The MOAB Hit Afghanistan So Hard It Cracked Buildings In Neighboring Pakistan
The U.S. military’s non-nuclear “mother of all bombs” (MOAB) hit the Islamic State in Afghanistan so hard that it cracked buildings in neighboring Pakistan.
Villagers complained to Dawn, a newspaper in Pakistan, that the bomb cracked numerous houses and a mosque in Malana village located in the foothills of the White Mountain, which serves as a border between the two countries.
The MOAB hit an ISIS base last Thursday in the foothills of the White Mountain on exactly the other side of the border in the Afghan province of Nangarhar, leaving 90 dead, though initial death tolls placed the number at only 36. Green Beret Staff Sgt. Mark De Alencar died of small arms fire in early April in the same province.
“We felt light shocks, but did not realise it was because of a bomb,” said Muhammad Hassan, one of the Malana villagers who spoke with Dawn.
Hassan complained that the bomb caused cracks in several houses and a mosque.
On the Afghanistan side, the bomb decimated a large network of underground tunnels and caves used by ISIS.
“The enemy had created bunkers, tunnels and extensive mine fields, and this weapon was used to reduce those obstacles so that we could continue our offensive in southern Nangarhar,” Army Gen.

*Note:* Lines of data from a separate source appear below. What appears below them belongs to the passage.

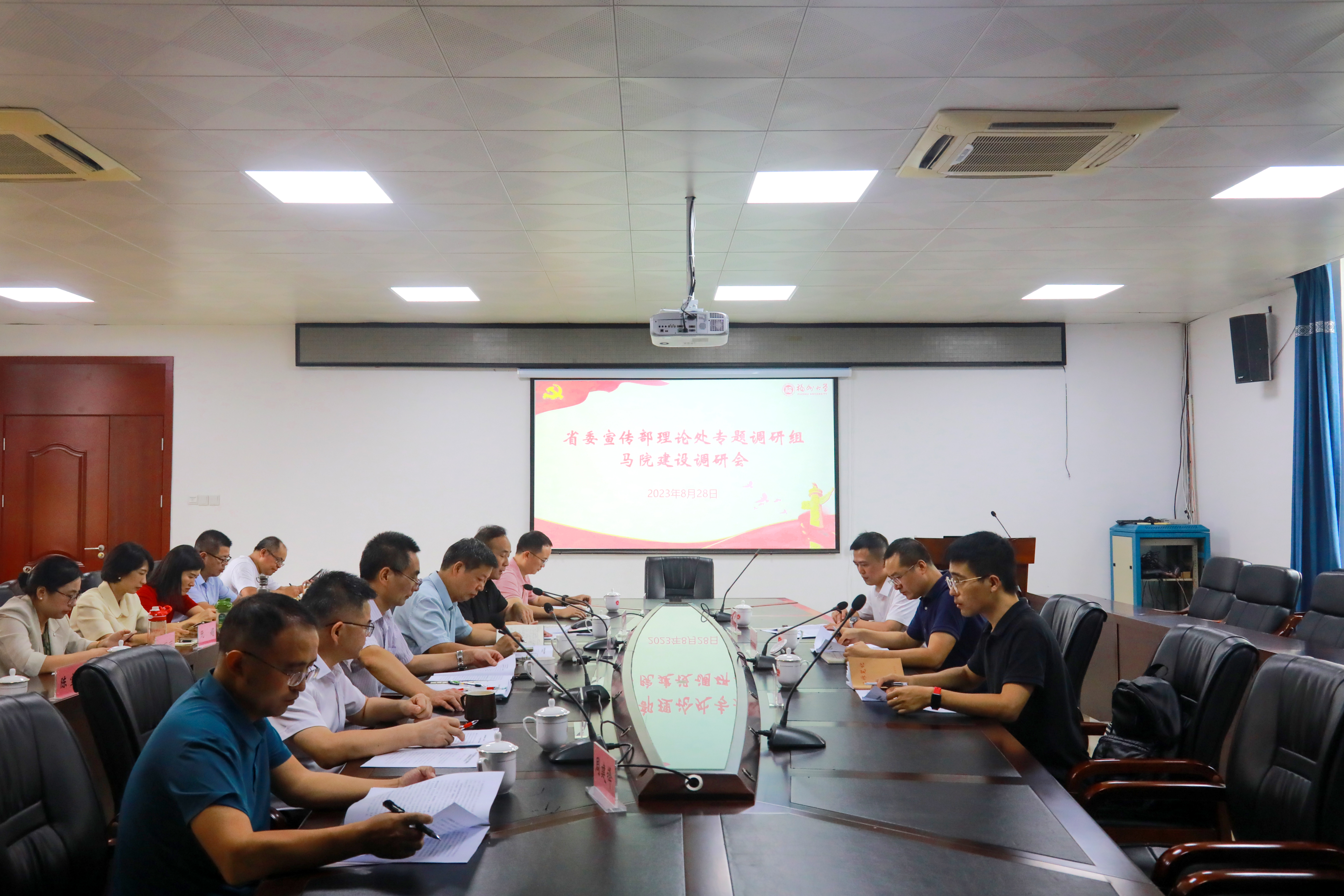 融媒中心讯/8月28日下午,福建省委宣传部理论处负责人、省委宣传部社动中心主任梁兆国一行莅临我校,以座谈交流与实地考察相结合的形式开展调研。校党委宣传部、马克思主义学院相关负责同志陪同调研。
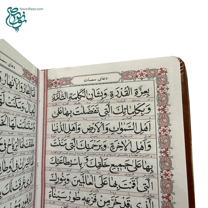 کتاب منتخب مفاتیح الجنان چرمی نفیس در قطع کوچک پالتویی با خط زیبا و درشت که به عورت تک و یا در تعداد بالا با تخفیف عالی توسط انتشارات نوین بصیر توزیع می گردد.
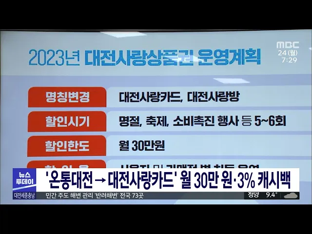 뉴스투데이 뉴스데스크뉴스투데이뉴스데스크 VOD(전체 다시보기)뉴스투데이 VOD(전체 다시보기)유튜브뉴스페이스북 뉴스카카오톡 뉴스인스타그램 뉴스 prev 2023.4.24 - 월요일 next 천 원의 아침밥, 충남도가 지원한다/투데이 ◀앵커▶ 정부가 대학생들의 부담을 덜기 위해 '천 원의 아침밥' 사업을 전국으로 확대하겠다고 했지만 재정 부담에 대학 참여가 저조하다는 소식 전해드렸는데요, 충남도가 도내 대학생들의 든든한 아침을... 김태욱 대전 트램 예산 협의 마무리..내년 상반기 착공 사업비가 두 배가량 늘어 난항을 겪던 대전 도시철도 2호선 트램 건설사업이 정부와 예산 협의를 마무리하고 내년 상반기 착공을 목표로 후속 절차에 들어갑니다. 사업비는 당초 승인받은 예산보다 6,599... 문은선 대전 새 지역화폐 `대전사랑카드` 다음 달 출시 사실상 폐지된 대전 지역화폐 온통대전 대신 소비 취약계층과 소규모 가맹점을 우대하는 대전사랑카드가 다음 달 출시됩니다. 대전사랑카드로 이름을 바꾼 지역화폐는 월 구매 한도 30만 원에 3% 캐시백을... 문은선 '내 손으로 해변 돌봐요' 반려해변 인기/투데이 ◀앵커▶ 폐어망과 어구 등 해양 쓰레기와 각종 생활 쓰레기는 바다에 쌓여 여러 가지 환경 문제를 야기하는데요. 주로 정부 주도로 이뤄져 온 해양 쓰레기 수거 정책이 최근에는 '반려해변'이라는 제도를 ... 김광연 '한 달만 또 음주운전' 20대 항소심서 집행유예 음주운전으로 적발된 지 한 달 만에 또다시 만취운전을 한 혐의로 1심에서 실형을 선고받은 20대가 항소심에서 집행유예로 감형됐습니다. 대전지법은 도로교통법 위반 혐의로 기소된 20대에게 징역 1년 6... 문은선 충청 휘발유값 상승세..유류세 인하 8월 말까지 연장 정부가 유류세 인하 조치를 8월 말까지 연장했지만 국제 유가 상승 압력에 충청권 기름값이 상승세를 이어가고 있습니다. 한국석유공사 유가 정보 사이트인 오피넷을 보면, 대전의 휘발유 평균 가격은 리... 문은선 충남소방본부, 축사 화재 '주의보' 대전과 세종에 이어 홍성과, 천안 등 충남 5개 시·군에도 건조주의보가 내려진 가운데 축사 화재에 각별한 주의가 요구됩니다. 충남도소방본부는 최근 5년간 도내에서 발생한 3백여 건의 축사 화재 가운데... 박선진 세종 조치원읍행정복지센터 사회복무요원 표창 세종북부경찰서는 민원 처리에 불만을 품고 행정복지센터에서 흉기를 휘두른 민원인을 제압해 검거하는 데 도움을 준 사회복무요원에게 표창장과 포상금을 수여했습니다. 이 40대 남성은 지난 12일 생계·... 박선진 '국내 최대 소비촉진' 5월 동행축제 대전서 개막 국내 최대 규모의 중소기업·소상공인 제품 소비촉진행사인 '동행축제' 개막 행사가 비수도권으로는 처음으로 다음 달 9일 대전에서 진행됩니다. 중소벤처기업부는 소비와 내수 경기 활성화를 위해 다음 달... 문은선 세종시 서버 137대 클라우드 시스템 전환..탄소 감축 세종시가 시와 산하기관에서 사용하던 서버 137대를 가상 인터넷 자원공유 즉 클라우드 시스템으로 전환해 탄소 배출 감축 효과를 거두고 있습니다. 이에 따른 전력 소비량을 연간으로 환산할 경우 90% 가... 문은선 대전시 청정수소 생산기반 구축 대전시가 음식물쓰레기에서 바이오가스를 생산하는 사업에 본격 착수합니다. 시는 지역에서 나오는 음식물류 폐기물과 하수슬러지를 활용해 바이오가스를 생산하는 사업이 최근 환경부 공모에 선정됨에 따... 문은선 피아니스트 겸 지휘자 김선욱 28일 대전서 첫 지휘 피아니스트 겸 지휘자 김선욱이 대전에서 첫 지휘 무대를 선보입니다. 국내에서 유일하게 피아노 연주와 지휘를 동시에 하는 김선욱은 오는 28일 대전예술의전당에서 한국인 최초로 미국 신시내티 심포니... 문은선 태안군, `반려동물 친화 관광도시` 조성 본격화 태안군이 반려동물 친화 관광도시 조성에 본격 나섭니다. 군은 이달 초 문화체육관광부와 한국관광공사의 2023 반려동물 친화 관광도시 공모에 선정됨에 따라 오는 2026년까지 연간 5억 원을 투입해 반려... 문은선 부여·서천 등 5월 축제 풍성 부여 부소산 봄나들이 축제가 어린이날 연휴인 다음 달 5일부터 사흘 동안 부소산성과 관북리 유적 일원에서 열립니다. 코로나19 이후 4년 만에 다시 열리는 이번 축제에선 부소산을 산책하며 낙화암 등 7... 김윤미 태안 희망택시 이용자 증가 태안군이 고령이나 임신 등으로 버스 이용이 어려운 주민을 위해 운영 중인 '희망 택시' 이용자가 꾸준히 느는 것으로 나타났습니다. 올해는 신청자 가운데 506명을 대상자로 확정했으며 지난 2020년 5천7... 문은선 보령사랑 상품권 122억 원 추가 발행 보령시가 금리와 물가 인상 등으로 어려움을 겪는 지역 소상공인을 돕기 위해 122억 원 규모의 보령사랑 상품권을 추가 발행합니다. 상품권은 10% 특별 할인 혜택이 있고 1명 당 최대 50만 원까지 구매할 ... 김태욱 지난해 국내 기업의 해외 특허 출원 9.1% 증가 미국과 중국 등 해외 주요 나라에 대한 우리나라 기업의 특허 출원이 지난해 9.1% 증가한 것으로 나타났습니다. 특허청은 우리 기업의 해외 출원은 지난해 7만 6천여 건으로, 전년과 비교해 9.1% 늘

John Nicholson said.
Nicholson, the U.S. commander in Afghanistan, had authorization to use the bomb even before President Donald Trump even took office. The Air Force estimates that the bomb, developed by the Air Force Research Laboratory, costs approximately $170,000 to build.
An official who spoke on condition of anonymity with NBC News said that not only did Nicholson want to destroy tunnels and caves, but he also wanted to send a message to ISIS of his determination to eliminate the terror group.
No civilians were killed in the explosion, but a resident nearby told BBC that the blast destroyed some homes.